(Collection entries)
'''

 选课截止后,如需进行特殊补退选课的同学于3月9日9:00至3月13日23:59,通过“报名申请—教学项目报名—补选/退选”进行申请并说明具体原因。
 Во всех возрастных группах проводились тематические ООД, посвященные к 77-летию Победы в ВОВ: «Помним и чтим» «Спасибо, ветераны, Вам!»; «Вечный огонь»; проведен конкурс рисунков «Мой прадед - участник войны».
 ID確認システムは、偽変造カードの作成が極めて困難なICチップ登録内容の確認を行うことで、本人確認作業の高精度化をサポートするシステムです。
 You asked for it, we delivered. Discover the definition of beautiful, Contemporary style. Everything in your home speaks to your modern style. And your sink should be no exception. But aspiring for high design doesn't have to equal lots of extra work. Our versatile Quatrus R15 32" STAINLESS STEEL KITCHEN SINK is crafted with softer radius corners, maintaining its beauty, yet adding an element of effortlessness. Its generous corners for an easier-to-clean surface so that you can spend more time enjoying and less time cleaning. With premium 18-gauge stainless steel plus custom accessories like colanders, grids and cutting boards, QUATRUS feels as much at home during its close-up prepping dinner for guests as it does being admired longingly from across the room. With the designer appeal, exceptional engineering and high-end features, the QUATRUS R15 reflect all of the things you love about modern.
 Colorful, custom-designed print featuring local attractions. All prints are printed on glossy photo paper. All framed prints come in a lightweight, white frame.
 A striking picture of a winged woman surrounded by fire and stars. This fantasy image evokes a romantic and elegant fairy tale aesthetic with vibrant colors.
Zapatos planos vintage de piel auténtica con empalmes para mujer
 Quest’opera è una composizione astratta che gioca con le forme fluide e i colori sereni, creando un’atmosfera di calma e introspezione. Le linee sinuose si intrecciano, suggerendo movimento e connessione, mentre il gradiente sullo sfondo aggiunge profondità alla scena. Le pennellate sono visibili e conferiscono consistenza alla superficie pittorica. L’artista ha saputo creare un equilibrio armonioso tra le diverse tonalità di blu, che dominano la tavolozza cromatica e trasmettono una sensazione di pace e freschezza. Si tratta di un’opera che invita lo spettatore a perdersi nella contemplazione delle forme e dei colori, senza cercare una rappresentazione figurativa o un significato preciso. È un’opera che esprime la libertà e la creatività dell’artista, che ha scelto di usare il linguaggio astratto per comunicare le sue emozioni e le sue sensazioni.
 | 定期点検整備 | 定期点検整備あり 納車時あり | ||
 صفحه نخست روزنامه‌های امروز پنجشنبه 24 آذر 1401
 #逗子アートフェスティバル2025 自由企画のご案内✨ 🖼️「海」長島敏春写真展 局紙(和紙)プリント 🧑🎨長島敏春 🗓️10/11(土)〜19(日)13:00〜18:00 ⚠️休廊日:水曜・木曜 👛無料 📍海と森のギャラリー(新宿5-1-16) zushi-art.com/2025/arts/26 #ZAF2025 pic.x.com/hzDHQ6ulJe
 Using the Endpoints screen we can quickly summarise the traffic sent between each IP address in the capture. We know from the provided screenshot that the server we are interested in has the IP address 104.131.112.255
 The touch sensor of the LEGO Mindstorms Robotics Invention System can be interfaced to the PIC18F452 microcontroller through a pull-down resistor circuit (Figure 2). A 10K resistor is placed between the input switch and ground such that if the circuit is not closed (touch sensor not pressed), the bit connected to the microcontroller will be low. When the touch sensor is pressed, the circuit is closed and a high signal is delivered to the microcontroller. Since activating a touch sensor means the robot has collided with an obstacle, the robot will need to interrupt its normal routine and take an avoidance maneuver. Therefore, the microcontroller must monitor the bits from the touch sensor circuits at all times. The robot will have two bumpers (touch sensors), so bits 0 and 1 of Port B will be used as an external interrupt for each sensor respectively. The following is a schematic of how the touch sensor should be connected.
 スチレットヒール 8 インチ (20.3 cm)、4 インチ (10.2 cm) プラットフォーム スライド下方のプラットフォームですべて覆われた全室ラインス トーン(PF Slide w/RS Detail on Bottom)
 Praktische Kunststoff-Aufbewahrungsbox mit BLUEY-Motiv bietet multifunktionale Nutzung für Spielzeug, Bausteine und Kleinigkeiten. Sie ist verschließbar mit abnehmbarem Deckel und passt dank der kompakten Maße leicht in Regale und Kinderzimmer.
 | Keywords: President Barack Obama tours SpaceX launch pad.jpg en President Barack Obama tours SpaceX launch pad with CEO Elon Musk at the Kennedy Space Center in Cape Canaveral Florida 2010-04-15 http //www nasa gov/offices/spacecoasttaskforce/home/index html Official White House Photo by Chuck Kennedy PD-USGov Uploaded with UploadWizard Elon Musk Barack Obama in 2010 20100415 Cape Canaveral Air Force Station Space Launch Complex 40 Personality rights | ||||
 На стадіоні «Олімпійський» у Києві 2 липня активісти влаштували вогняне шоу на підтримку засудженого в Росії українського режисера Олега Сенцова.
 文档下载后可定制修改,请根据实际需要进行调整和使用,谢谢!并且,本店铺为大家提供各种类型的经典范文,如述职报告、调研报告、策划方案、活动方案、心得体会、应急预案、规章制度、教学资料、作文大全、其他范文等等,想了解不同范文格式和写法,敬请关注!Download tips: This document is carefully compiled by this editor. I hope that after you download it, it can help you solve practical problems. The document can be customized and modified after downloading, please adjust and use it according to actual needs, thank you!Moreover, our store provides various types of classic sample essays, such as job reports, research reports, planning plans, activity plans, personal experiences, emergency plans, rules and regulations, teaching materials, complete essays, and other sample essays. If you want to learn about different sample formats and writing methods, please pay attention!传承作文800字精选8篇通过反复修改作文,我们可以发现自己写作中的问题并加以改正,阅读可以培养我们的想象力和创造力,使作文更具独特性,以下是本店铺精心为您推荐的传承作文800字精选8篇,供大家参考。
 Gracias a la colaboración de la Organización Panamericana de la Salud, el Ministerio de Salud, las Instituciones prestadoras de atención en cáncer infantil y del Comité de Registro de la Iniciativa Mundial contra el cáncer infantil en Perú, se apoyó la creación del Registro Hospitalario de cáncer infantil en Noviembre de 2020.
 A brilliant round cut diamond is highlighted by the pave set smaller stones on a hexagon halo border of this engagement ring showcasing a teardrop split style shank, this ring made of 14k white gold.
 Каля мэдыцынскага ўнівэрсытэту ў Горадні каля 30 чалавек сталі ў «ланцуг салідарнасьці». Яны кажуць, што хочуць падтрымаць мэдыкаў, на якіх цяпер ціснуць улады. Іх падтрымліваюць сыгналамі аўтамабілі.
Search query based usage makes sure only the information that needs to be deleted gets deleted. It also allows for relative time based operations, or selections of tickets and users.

'''

*Problem statement:*
Give back all the records above exactly as they were written.

*Exercise answer:*
 选课截止后,如需进行特殊补退选课的同学于3月9日9:00至3月13日23:59,通过“报名申请—教学项目报名—补选/退选”进行申请并说明具体原因。
 Во всех возрастных группах проводились тематические ООД, посвященные к 77-летию Победы в ВОВ: «Помним и чтим» «Спасибо, ветераны, Вам!»; «Вечный огонь»; проведен конкурс рисунков «Мой прадед - участник войны».
 ID確認システムは、偽変造カードの作成が極めて困難なICチップ登録内容の確認を行うことで、本人確認作業の高精度化をサポートするシステムです。
 You asked for it, we delivered. Discover the definition of beautiful, Contemporary style. Everything in your home speaks to your modern style. And your sink should be no exception. But aspiring for high design doesn't have to equal lots of extra work. Our versatile Quatrus R15 32" STAINLESS STEEL KITCHEN SINK is crafted with softer radius corners, maintaining its beauty, yet adding an element of effortlessness. Its generous corners for an easier-to-clean surface so that you can spend more time enjoying and less time cleaning. With premium 18-gauge stainless steel plus custom accessories like colanders, grids and cutting boards, QUATRUS feels as much at home during its close-up prepping dinner for guests as it does being admired longingly from across the room. With the designer appeal, exceptional engineering and high-end features, the QUATRUS R15 reflect all of the things you love about modern.
 Colorful, custom-designed print featuring local attractions. All prints are printed on glossy photo paper. All framed prints come in a lightweight, white frame.
 A striking picture of a winged woman surrounded by fire and stars. This fantasy image evokes a romantic and elegant fairy tale aesthetic with vibrant colors.
Zapatos planos vintage de piel auténtica con empalmes para mujer
 Quest’opera è una composizione astratta che gioca con le forme fluide e i colori sereni, creando un’atmosfera di calma e introspezione. Le linee sinuose si intrecciano, suggerendo movimento e connessione, mentre il gradiente sullo sfondo aggiunge profondità alla scena. Le pennellate sono visibili e conferiscono consistenza alla superficie pittorica. L’artista ha saputo creare un equilibrio armonioso tra le diverse tonalità di blu, che dominano la tavolozza cromatica e trasmettono una sensazione di pace e freschezza. Si tratta di un’opera che invita lo spettatore a perdersi nella contemplazione delle forme e dei colori, senza cercare una rappresentazione figurativa o un significato preciso. È un’opera che esprime la libertà e la creatività dell’artista, che ha scelto di usare il linguaggio astratto per comunicare le sue emozioni e le sue sensazioni.
 | 定期点検整備 | 定期点検整備あり 納車時あり | ||
 صفحه نخست روزنامه‌های امروز پنجشنبه 24 آذر 1401
 #逗子アートフェスティバル2025 自由企画のご案内✨ 🖼️「海」長島敏春写真展 局紙(和紙)プリント 🧑🎨長島敏春 🗓️10/11(土)〜19(日)13:00〜18:00 ⚠️休廊日:水曜・木曜 👛無料 📍海と森のギャラリー(新宿5-1-16) zushi-art.com/2025/arts/26 #ZAF2025 pic.x.com/hzDHQ6ulJe
 Using the Endpoints screen we can quickly summarise the traffic sent between each IP address in the capture. We know from the provided screenshot that the server we are interested in has the IP address 104.131.112.255
 The touch sensor of the LEGO Mindstorms Robotics Invention System can be interfaced to the PIC18F452 microcontroller through a pull-down resistor circuit (Figure 2). A 10K resistor is placed between the input switch and ground such that if the circuit is not closed (touch sensor not pressed), the bit connected to the microcontroller will be low. When the touch sensor is pressed, the circuit is closed and a high signal is delivered to the microcontroller. Since activating a touch sensor means the robot has collided with an obstacle, the robot will need to interrupt its normal routine and take an avoidance maneuver. Therefore, the microcontroller must monitor the bits from the touch sensor circuits at all times. The robot will have two bumpers (touch sensors), so bits 0 and 1 of Port B will be used as an external interrupt for each sensor respectively. The following is a schematic of how the touch sensor should be connected.
 スチレットヒール 8 インチ (20.3 cm)、4 インチ (10.2 cm) プラットフォーム スライド下方のプラットフォームですべて覆われた全室ラインス トーン(PF Slide w/RS Detail on Bottom)
 Praktische Kunststoff-Aufbewahrungsbox mit BLUEY-Motiv bietet multifunktionale Nutzung für Spielzeug, Bausteine und Kleinigkeiten. Sie ist verschließbar mit abnehmbarem Deckel und passt dank der kompakten Maße leicht in Regale und Kinderzimmer.
 | Keywords: President Barack Obama tours SpaceX launch pad.jpg en President Barack Obama tours SpaceX launch pad with CEO Elon Musk at the Kennedy Space Center in Cape Canaveral Florida 2010-04-15 http //www nasa gov/offices/spacecoasttaskforce/home/index html Official White House Photo by Chuck Kennedy PD-USGov Uploaded with UploadWizard Elon Musk Barack Obama in 2010 20100415 Cape Canaveral Air Force Station Space Launch Complex 40 Personality rights | ||||
 На стадіоні «Олімпійський» у Києві 2 липня активісти влаштували вогняне шоу на підтримку засудженого в Росії українського режисера Олега Сенцова.
 文档下载后可定制修改,请根据实际需要进行调整和使用,谢谢!并且,本店铺为大家提供各种类型的经典范文,如述职报告、调研报告、策划方案、活动方案、心得体会、应急预案、规章制度、教学资料、作文大全、其他范文等等,想了解不同范文格式和写法,敬请关注!Download tips: This document is carefully compiled by this editor. I hope that after you download it, it can help you solve practical problems. The document can be customized and modified after downloading, please adjust and use it according to actual needs, thank you!Moreover, our store provides various types of classic sample essays, such as job reports, research reports, planning plans, activity plans, personal experiences, emergency plans, rules and regulations, teaching materials, complete essays, and other sample essays. If you want to learn about different sample formats and writing methods, please pay attention!传承作文800字精选8篇通过反复修改作文,我们可以发现自己写作中的问题并加以改正,阅读可以培养我们的想象力和创造力,使作文更具独特性,以下是本店铺精心为您推荐的传承作文800字精选8篇,供大家参考。
 Gracias a la colaboración de la Organización Panamericana de la Salud, el Ministerio de Salud, las Instituciones prestadoras de atención en cáncer infantil y del Comité de Registro de la Iniciativa Mundial contra el cáncer infantil en Perú, se apoyó la creación del Registro Hospitalario de cáncer infantil en Noviembre de 2020.
 A brilliant round cut diamond is highlighted by the pave set smaller stones on a hexagon halo border of this engagement ring showcasing a teardrop split style shank, this ring made of 14k white gold.
 Каля мэдыцынскага ўнівэрсытэту ў Горадні каля 30 чалавек сталі ў «ланцуг салідарнасьці». Яны кажуць, што хочуць падтрымаць мэдыкаў, на якіх цяпер ціснуць улады. Іх падтрымліваюць сыгналамі аўтамабілі.
Search query based usage makes sure only the information that needs to be deleted gets deleted. It also allows for relative time based operations, or selections of tickets and users.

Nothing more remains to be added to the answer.